◆ TASK ITEM
Give back, word for word, the lines in the listing below from the one holding "全场比赛结束,哥伦比亚2-0韩国。" down to the one holding "Author: S. E.", both ends included.

◆ EXCERPTED DATA
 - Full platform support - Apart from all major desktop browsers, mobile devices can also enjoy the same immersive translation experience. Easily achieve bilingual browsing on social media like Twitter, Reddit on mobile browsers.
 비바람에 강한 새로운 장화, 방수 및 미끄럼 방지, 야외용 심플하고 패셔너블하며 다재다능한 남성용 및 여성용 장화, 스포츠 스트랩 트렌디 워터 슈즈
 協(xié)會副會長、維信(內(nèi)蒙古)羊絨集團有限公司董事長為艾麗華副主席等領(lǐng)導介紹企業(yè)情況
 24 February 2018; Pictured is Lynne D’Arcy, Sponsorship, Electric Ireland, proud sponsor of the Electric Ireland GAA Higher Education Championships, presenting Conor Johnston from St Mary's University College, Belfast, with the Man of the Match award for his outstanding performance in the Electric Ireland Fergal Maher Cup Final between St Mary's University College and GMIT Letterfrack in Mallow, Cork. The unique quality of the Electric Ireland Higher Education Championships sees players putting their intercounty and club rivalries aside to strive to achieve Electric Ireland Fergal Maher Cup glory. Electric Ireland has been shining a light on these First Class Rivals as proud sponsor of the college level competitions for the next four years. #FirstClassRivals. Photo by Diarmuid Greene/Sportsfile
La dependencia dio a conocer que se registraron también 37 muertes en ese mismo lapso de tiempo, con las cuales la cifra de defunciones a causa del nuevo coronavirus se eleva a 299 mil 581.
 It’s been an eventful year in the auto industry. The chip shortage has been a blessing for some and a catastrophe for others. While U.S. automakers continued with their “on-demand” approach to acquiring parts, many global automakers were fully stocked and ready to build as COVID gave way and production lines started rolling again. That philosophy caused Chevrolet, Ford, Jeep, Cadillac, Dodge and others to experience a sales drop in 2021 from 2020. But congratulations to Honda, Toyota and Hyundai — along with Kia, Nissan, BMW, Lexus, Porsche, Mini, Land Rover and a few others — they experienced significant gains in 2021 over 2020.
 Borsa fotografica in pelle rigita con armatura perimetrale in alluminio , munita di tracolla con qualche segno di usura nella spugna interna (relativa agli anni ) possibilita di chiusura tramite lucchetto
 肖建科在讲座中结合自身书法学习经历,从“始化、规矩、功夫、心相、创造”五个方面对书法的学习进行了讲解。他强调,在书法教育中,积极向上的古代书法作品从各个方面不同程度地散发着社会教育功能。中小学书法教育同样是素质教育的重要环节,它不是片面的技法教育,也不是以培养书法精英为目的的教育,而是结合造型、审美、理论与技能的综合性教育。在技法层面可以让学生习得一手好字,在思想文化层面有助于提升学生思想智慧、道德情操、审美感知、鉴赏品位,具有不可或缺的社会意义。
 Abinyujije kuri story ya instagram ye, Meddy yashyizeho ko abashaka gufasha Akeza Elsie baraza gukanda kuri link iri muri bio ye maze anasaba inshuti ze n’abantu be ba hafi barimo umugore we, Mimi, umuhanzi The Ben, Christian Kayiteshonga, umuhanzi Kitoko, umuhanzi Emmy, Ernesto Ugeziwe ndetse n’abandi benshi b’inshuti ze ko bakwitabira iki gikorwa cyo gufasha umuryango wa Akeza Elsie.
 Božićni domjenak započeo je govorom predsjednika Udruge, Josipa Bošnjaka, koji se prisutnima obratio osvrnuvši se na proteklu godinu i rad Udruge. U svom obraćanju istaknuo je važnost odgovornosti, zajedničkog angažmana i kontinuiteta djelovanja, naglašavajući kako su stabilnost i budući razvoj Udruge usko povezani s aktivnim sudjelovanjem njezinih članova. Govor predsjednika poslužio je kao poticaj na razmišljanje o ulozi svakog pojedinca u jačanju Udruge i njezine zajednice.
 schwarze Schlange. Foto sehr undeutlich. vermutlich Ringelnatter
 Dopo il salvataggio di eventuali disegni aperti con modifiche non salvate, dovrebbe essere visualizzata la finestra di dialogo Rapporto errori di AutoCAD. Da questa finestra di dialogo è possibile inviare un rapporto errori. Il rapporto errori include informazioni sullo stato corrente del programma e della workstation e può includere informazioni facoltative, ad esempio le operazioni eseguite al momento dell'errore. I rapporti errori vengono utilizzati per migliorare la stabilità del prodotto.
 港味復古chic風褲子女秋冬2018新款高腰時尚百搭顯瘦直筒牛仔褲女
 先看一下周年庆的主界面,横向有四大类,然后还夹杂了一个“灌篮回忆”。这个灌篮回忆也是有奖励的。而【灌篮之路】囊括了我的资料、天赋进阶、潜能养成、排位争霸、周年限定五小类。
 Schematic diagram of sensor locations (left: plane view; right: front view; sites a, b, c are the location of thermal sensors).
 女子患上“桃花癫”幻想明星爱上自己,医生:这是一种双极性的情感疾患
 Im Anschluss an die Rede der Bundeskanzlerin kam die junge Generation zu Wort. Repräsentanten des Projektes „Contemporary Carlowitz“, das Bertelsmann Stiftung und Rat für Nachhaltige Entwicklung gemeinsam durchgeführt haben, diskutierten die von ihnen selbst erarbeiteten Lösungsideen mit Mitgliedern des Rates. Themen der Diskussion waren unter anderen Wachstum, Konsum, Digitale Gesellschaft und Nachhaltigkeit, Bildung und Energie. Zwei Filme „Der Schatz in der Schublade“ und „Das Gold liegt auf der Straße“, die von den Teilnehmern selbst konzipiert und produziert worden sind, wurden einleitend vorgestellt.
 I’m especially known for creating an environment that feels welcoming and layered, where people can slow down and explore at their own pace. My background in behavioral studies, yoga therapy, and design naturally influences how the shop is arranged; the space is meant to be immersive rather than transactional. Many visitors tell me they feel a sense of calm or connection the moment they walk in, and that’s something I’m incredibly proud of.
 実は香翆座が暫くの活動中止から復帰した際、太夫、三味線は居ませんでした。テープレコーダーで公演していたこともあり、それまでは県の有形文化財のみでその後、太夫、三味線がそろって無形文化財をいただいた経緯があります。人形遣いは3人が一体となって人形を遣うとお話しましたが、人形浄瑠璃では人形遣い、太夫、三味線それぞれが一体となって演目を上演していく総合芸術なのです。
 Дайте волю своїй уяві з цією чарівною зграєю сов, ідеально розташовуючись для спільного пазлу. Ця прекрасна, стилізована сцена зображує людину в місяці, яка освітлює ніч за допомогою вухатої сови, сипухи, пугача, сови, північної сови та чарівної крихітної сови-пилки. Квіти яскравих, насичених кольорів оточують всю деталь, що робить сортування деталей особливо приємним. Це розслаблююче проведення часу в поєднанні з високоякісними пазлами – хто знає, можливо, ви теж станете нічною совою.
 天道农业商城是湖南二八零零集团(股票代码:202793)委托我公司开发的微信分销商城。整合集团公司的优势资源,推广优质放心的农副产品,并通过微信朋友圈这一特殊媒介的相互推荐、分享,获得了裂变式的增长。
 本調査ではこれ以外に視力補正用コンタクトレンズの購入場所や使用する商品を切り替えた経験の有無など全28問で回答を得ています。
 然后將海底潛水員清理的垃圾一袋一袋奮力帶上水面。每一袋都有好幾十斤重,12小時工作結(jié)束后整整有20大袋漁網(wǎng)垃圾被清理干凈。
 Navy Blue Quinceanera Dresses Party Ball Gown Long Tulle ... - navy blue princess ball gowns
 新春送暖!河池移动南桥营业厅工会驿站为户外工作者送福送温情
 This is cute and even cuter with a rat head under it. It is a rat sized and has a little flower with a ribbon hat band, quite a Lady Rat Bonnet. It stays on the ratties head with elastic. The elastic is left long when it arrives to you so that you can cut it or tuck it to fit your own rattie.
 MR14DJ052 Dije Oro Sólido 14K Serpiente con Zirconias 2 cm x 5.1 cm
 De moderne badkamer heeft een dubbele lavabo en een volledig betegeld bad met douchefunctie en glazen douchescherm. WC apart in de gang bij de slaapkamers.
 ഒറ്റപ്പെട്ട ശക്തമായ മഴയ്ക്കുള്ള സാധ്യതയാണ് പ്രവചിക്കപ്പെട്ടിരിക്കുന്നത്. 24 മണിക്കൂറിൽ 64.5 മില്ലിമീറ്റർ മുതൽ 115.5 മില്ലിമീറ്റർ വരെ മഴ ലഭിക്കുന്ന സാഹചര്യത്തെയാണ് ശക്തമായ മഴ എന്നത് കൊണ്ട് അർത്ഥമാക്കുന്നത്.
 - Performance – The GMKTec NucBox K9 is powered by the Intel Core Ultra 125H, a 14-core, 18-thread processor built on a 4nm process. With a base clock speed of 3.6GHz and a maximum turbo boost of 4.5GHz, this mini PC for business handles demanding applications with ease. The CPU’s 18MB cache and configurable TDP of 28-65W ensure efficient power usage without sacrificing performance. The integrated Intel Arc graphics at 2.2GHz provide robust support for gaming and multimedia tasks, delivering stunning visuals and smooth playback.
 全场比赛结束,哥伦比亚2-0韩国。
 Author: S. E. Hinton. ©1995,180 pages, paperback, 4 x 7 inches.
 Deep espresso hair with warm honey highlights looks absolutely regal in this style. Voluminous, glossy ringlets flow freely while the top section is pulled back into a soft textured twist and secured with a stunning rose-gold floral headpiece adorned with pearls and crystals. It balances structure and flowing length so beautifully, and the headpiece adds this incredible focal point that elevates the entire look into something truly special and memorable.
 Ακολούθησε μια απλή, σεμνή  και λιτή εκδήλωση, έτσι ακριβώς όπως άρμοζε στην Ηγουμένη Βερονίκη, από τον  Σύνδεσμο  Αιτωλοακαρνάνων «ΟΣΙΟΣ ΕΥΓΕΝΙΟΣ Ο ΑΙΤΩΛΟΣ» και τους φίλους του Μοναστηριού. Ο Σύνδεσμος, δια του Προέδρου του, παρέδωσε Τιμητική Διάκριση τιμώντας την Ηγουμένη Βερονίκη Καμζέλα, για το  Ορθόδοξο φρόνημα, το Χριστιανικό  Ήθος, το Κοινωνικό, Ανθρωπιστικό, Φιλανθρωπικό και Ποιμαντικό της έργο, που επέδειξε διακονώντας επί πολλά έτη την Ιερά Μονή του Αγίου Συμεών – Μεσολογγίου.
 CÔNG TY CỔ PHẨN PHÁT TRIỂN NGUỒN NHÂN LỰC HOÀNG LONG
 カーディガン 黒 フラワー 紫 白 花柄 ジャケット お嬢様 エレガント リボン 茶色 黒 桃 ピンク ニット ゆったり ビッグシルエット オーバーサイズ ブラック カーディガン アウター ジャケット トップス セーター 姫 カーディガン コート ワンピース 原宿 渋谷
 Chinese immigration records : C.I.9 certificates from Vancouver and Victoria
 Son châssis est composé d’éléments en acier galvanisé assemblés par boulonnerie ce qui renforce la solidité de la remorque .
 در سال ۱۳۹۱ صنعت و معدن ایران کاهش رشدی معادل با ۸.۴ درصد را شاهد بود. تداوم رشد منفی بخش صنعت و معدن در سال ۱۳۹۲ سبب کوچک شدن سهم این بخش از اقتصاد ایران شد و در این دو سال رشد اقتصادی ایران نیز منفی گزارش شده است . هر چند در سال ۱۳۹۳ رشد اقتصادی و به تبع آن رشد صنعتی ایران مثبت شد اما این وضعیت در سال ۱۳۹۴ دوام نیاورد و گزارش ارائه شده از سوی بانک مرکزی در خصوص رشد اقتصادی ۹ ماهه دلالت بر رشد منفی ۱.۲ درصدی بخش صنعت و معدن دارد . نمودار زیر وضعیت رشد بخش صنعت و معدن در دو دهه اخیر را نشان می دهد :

◆ TASK RESULT
 全场比赛结束,哥伦比亚2-0韩国。
 Author: S. E. Hinton. ©1995,180 pages, paperback, 4 x 7 inches.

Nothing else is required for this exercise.